For more information about fall turf grass care and protecting your local waterways, go to

Deciduous trees and shrubs

“I’m of the school of thought that if you fertilize your grass properly, your trees don’t need anything special in the way of fertilizer,” Maddox said.

Fertilizer in the early fall also might prompt growth that will be killed when the weather turns colder. Any damage on a tree or shrub is another opening for disease and insects.

Experts agree that most trees and shrubs planted on reasonably healthy soil don’t need fertilizing.


Yes, they’re evergreen, but they won’t be if they don’t get enough to drink.

“It never hurts to give evergreens extra water so they don’t dry out over the winter,” Maddox said.


The stores are full of bulbs that promise a beautiful spring.

“Bulbs can be planted up until the ground freezes,” Maddox said.

Miloganite, the fertilizer made from Milwaukee sewage leftovers, can help deter digging squirrels and other creatures. Miloganite is available at locally owned shops including K&W Greenery, Harris Ace on Milwaukee and River streets, Farm & Fleet, and other independent garden centers.

Annuals, perennials and flowers

Clean up vegetable gardens and annual flowerbeds. Harvest all usable vegetables and annual flowers. Leftover debris can be tilled into soil to decay and enrich the soil or it can be placed into the compost pile. Clean up weeds as they can harbor diseases and insects. Add compost and other organic material to enrich the soil. Mulch beds to prevent erosion during winter.
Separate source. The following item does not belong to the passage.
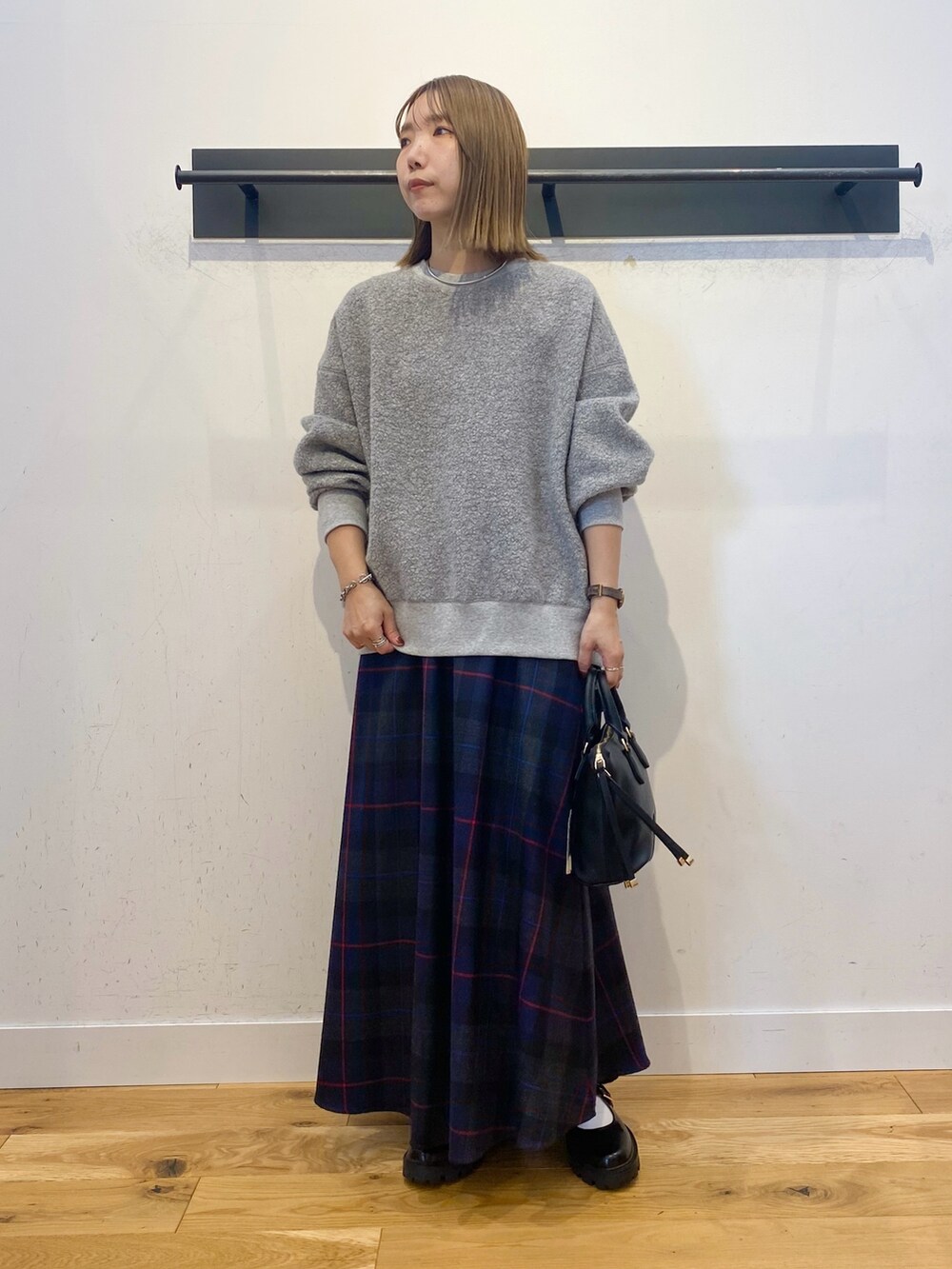 オニールのスカートはフレアで動きがでるシルエットです。程良いボリュームの為厚みのあるニットにも合わせやすく着やすいアイテムです。

If you’d like to use less pesticide next summer, clean up your garden beds now.

Integrated pest management is the practice of reducing pest damage and chemical use through careful management of the garden environment.

One of the important parts of integrated pest management is to remove debris that might harbor pests over the winter.

Then, compost or mulch and mix into garden beds disease-free annual flowers and vegetable debris. Remember, if your tomato plants had late blight, it’s important to dispose of them in the trash—not in the compost pile.

Perennials can be cut back now or in early spring.

“If you do leave anything up, we say it’s for ‘winter interest,’” Maddox joked.

Fall leaves

Janesville’s fall leave pickup runs from Nov. 9 to 20.

Leaves also can be ground up with a mower and turned into the garden bed or spread around perennials as mulch.